# [Task directions]
Every line from the one bearing "- USD/INR is" through the last line of the records below is to be output exactly, and no other line; leave out the pictures.

# [Collected data entries]
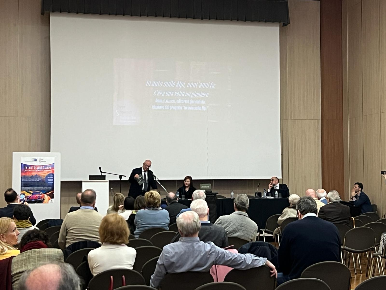 STRESA - 18-3-2024 -- Un parterre affollato ha preso parte sabato 16 marzo, al palacongressi di Stresa, al momento di confronto organizzato da AlpineShowroom su "In Auto sulle Alpi - Alla ricerca di nuovi pionieri". La presentazione dell'opera di Andrea Lazzarini e Giuliana Lonardi che racconta della nascita e del progresso della mobilità sulle Alpi in auto (qui la presentazione), è stata occasione di un convegno che ha trovato invitate personalità politiche come l'europarlamentare Alessandro Panza, il deputato Alberto Gusmeroli, il consigliere di stato ticinese Norman Gobbi, ma anche l'ex presidente della Provincia del VCO, Arturo Lincio e la sindaca di Stresa, Marcella Severino.
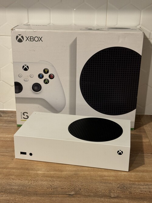 Eladó a képeken látható Xbox Series S, dobozában, kábeleivel, kontroller nélkül.
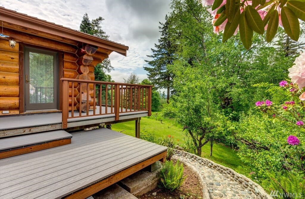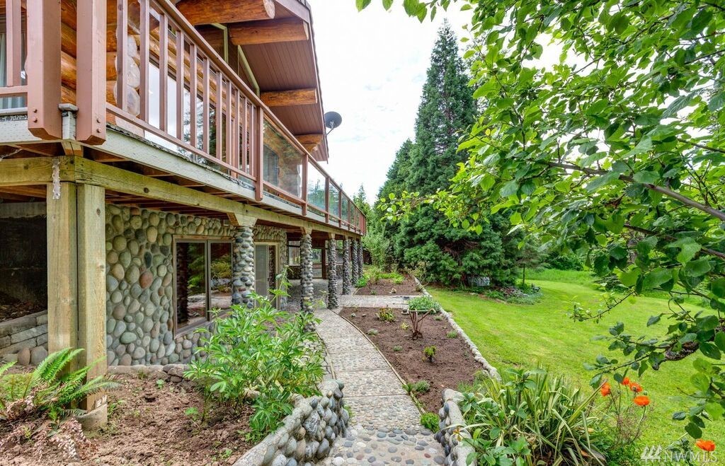 One of a kind retreat on 5 acres. 1st time on market, lovingly maintained True Log home, privately located end of a recently paved long driveway, boasts 3 bedrooms, 2.75 baths, daylight basement, great rm w/lovely view, radiant heat. Natural river rock showcased on fireplace, kitchen island, outside along garden walls, stairs to backyard & columns supporting deck. Mature fruit trees, garden space, lrg garage w/built-ins, outbuilding, newer trex deck. Adjacent 5 acre parcel may also be available.
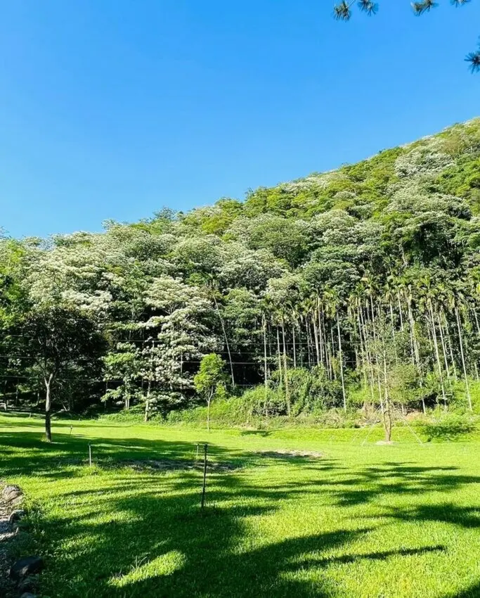 水里益則坑有著林蔭、水圳,位置在日月潭的慈恩塔後山及民和村(拔社埔)之間,是炎炎夏日戲水、避暑的瀑布勝地。到了油桐花季時,這裡更成為賞油桐花的小秘境。從山腳往山上走,蓊鬱蒼翠的山林上,開滿了如雪片般的叢叢油桐,看起來浪漫又迷人,可以沿路邊走邊欣賞油桐花,加上溪水帶來的涼爽感受,是個假日建行的好去處。而位於附近的「阿喜桂花園」,是個免費的秘境景點,還能在整片草地上,輕鬆愜意的欣賞這般美景,感受悠悠飄落的落花載滿水里客庄情懷~
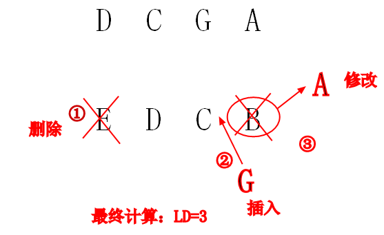 ”A“改成”AB“的编辑距离为1,“A”与“ABA”的编辑距离为2。
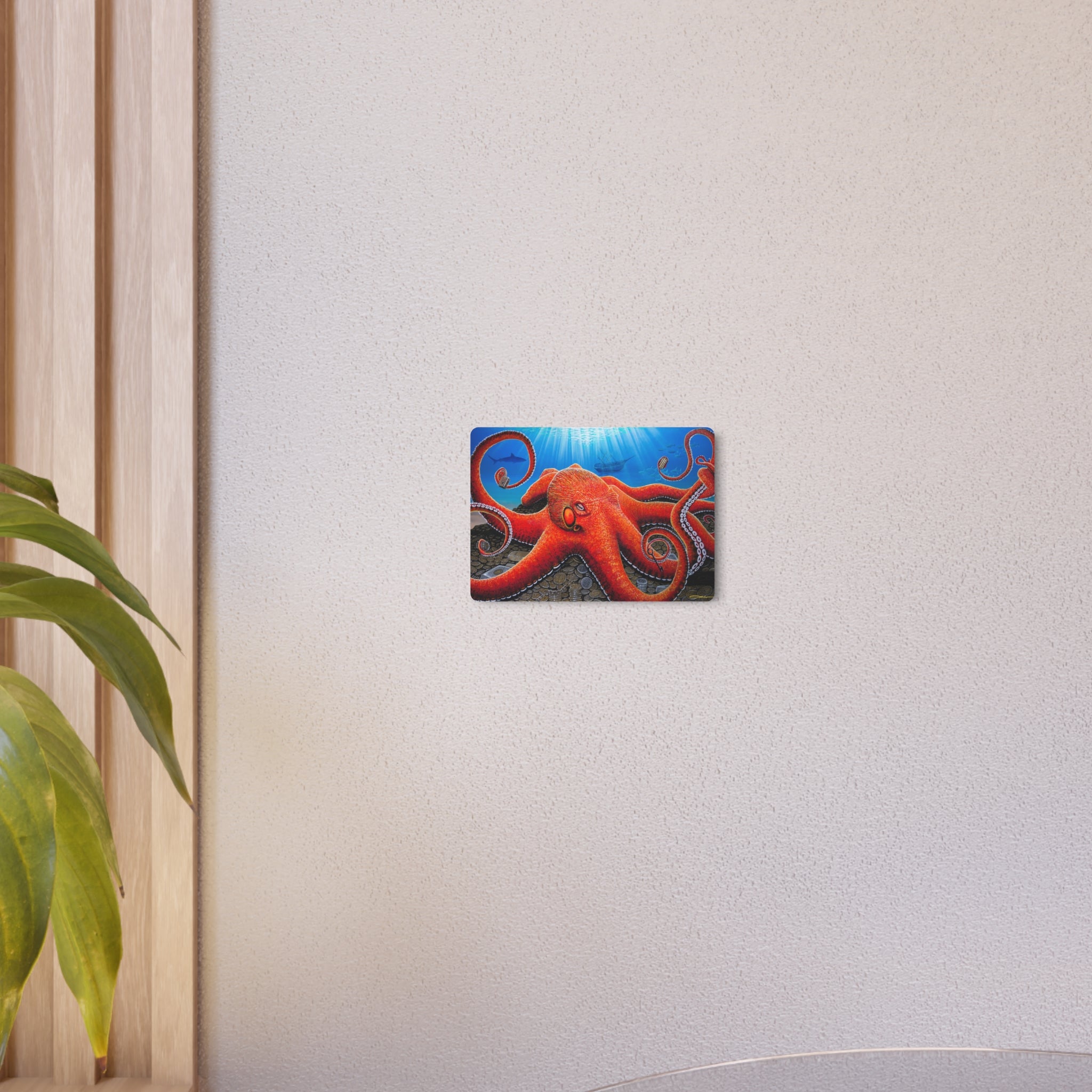Bring the ocean’s mystery into your space with this vivid metal art sign. A bold, hand-painted octopus unfurls across a matte aluminum surface, its warm reds and oranges glowing against deep blue waters. Lightweight yet sturdy, the aluminum composite holds crisp color and detail so the scene feels alive on your wall. Hang it in a compact reading nook, above a coastal bookshelf, or as a striking accent in a bathroom or studio — it adds atmosphere without taking up floor space. The included mounting block and tape keep installation minimal; a little assembly ties the piece to your wall and sets the scene.
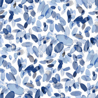 Dive into a serene world of abstract artistry with this 'Petal Watercolor Stains Abstract' wallpaper. Delicate, blue watercolor petals, rendered in shades ranging from soft sky blue to deep indigo, dance across a crisp white background. The organic shapes and soft, slightly blurred edges create a calming, ethereal mood, perfect for a space seeking tranquility and understated elegance. This design offers a sophisticated blend of texture and fluidity, making it ideal for modern and minimalist interiors. The scattered petal motif adds a touch of whimsical charm without overwhelming the overall peaceful ambiance.
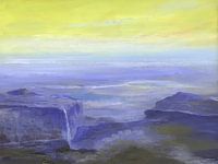 Dit schilderij vangt de essentie van ongerepte natuur in een indrukwekkend landschap. De blik van de kijker gaat over een schilderachtig berglandschap dat zich uitstrekt van intens geel in de lucht tot diep blauw in de verte. Deze kleurovergangen weerspiegelen de overgang van een zonovergoten gebied naar een diepere, mysterieuzere…
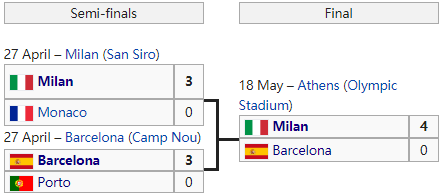 93/94赛季,则是42支球队进行1轮附加赛(20进10)和2轮淘汰赛(32进16、16进8),产生最终参加小组赛的8支球队。8支球队分为两组,每组前两名晋级半决赛。最终米兰击败巴萨夺冠。
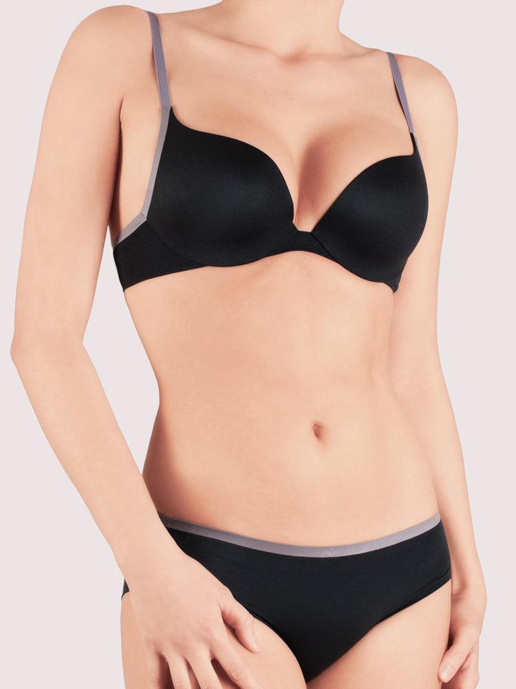 Замечательный бюстгальтер с плотными чашечками push-up создаст соблазнительное декольте. Ультразвуковая технология обработки ткани обеспечивает бесшовное соединение, делая модель абсолютно незаметной под облегающей одеждой. Инновационная супер мягкая ткань бюстгальтера необычайно приятная и комфортная. Гладкая подкладка на внутренней стороне чашки оформлена красивым узором.Застежка два крючка в три позиции.
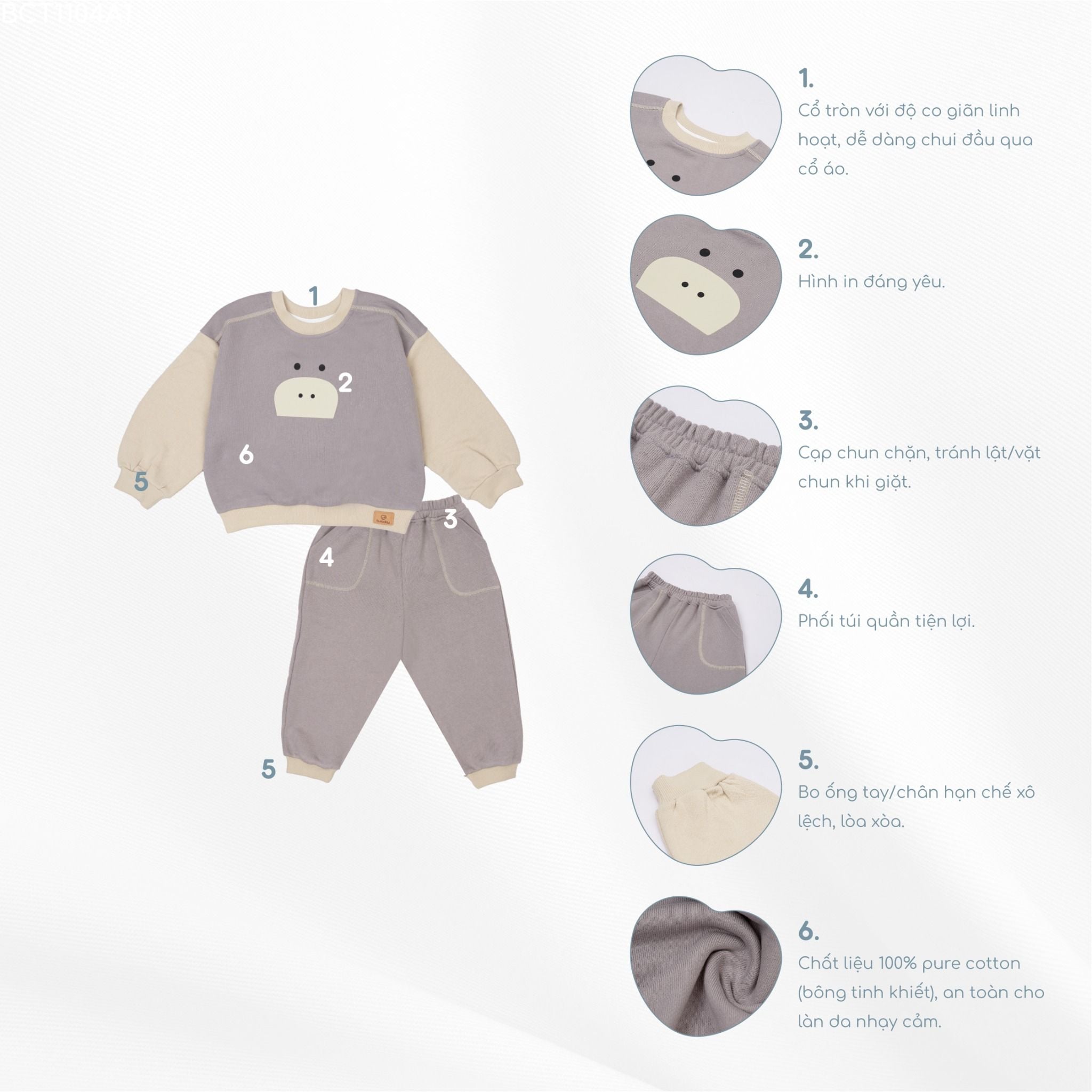 Chất liệu Pure Cotton của BU Baby đạt chứng nhận quốc tế OEKO-TEX 100, cấp độ 1 (mức độ an toàn cao nhất cho trẻ từ 0-36 tháng).
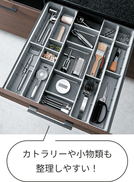 適材適所の収納でたっぷりしまえる 適材適所の収納で たっぷりしまえる
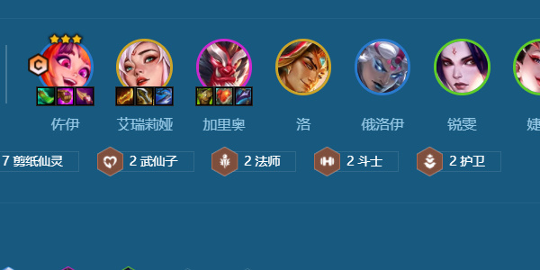 7剪纸仙灵、2武仙子、2法师、2斗士、2护卫。
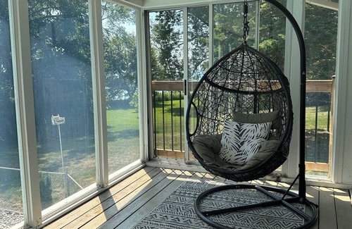Relax at our lakefront cottage on 1.5 acres, perfect for families or friends. The house features 3 bedrooms, 2.5 bathrooms, a full kitchen, living areas, a sunroom, and a downstairs game room with a second living space. A work desk is available. Sleeping arrangements: 6 in bedrooms, plus 2 on basement futons, with comforters provided. Enjoy a pool table, arcade, board games, and books. Outdoors, relax at the fire pit with Adirondack chairs, take a dip in the swimming pool (summer months), or explore the spacious grounds. Garage and shed are off-limits. Safety: No jumping off the lakefront cliff—risk of injury or death. Do not dive into the sports pool—it is shallow. Guest access: Feel free to enjoy all areas of the property—just the garage and shed are off-limits.
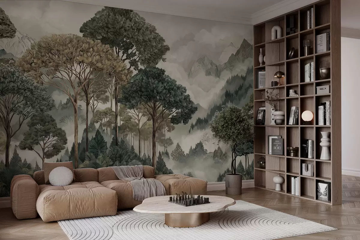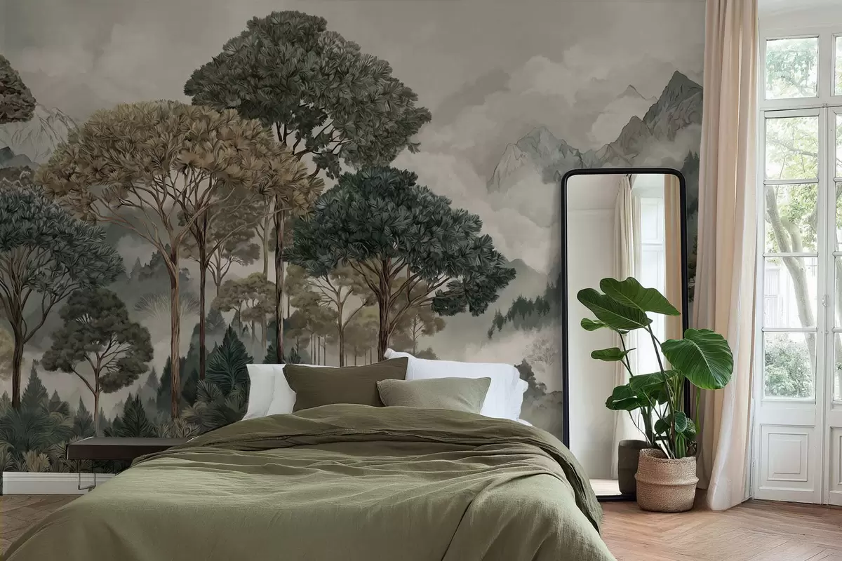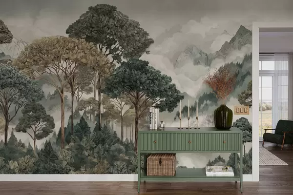 Fototapety Horská krajina s lesom v jemných odtieňoch Nr. w05410v1
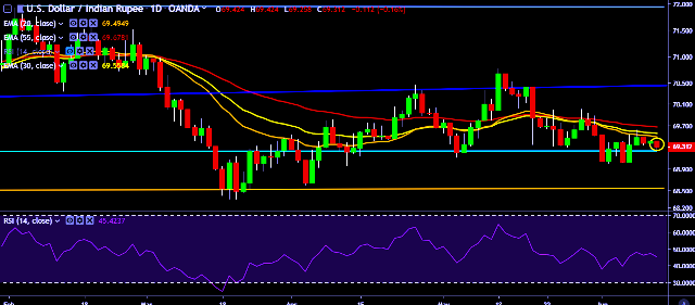 - USD/INR is currently trading around 69.30 marks.
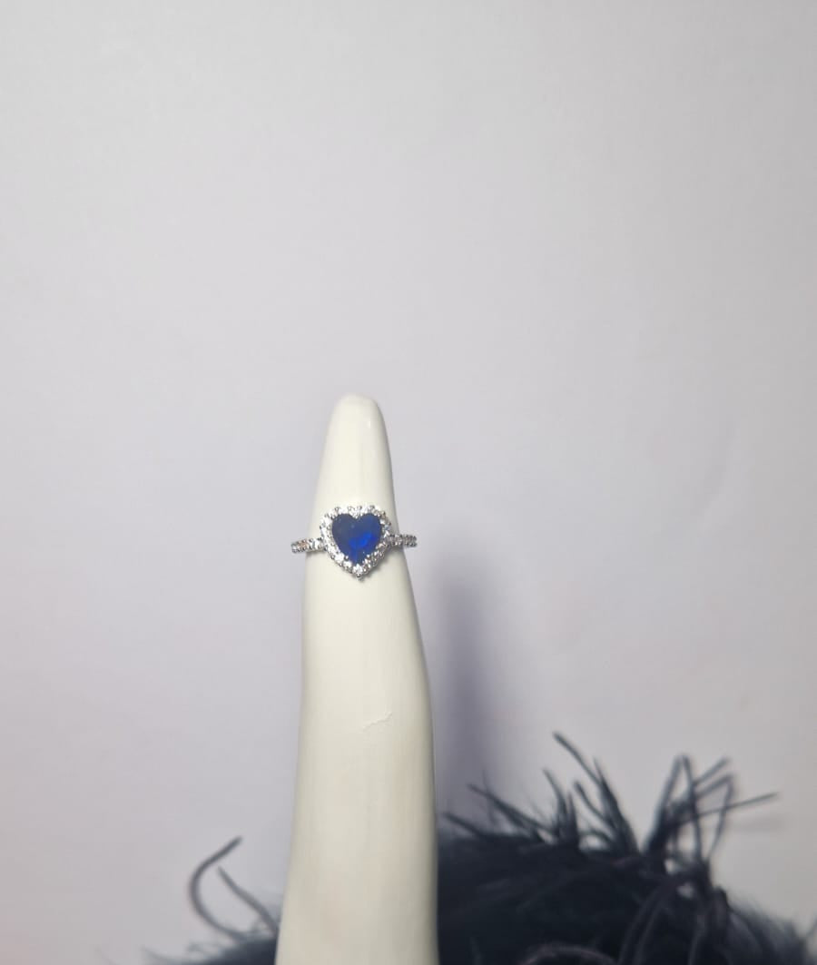 Anello Cuore Blu presenta una pietra centrale blu in rilievo a forma di cuore ,

# [Result for this exercise]
 - USD/INR is currently trading around 69.30 marks.
 Anello Cuore Blu presenta una pietra centrale blu in rilievo a forma di cuore ,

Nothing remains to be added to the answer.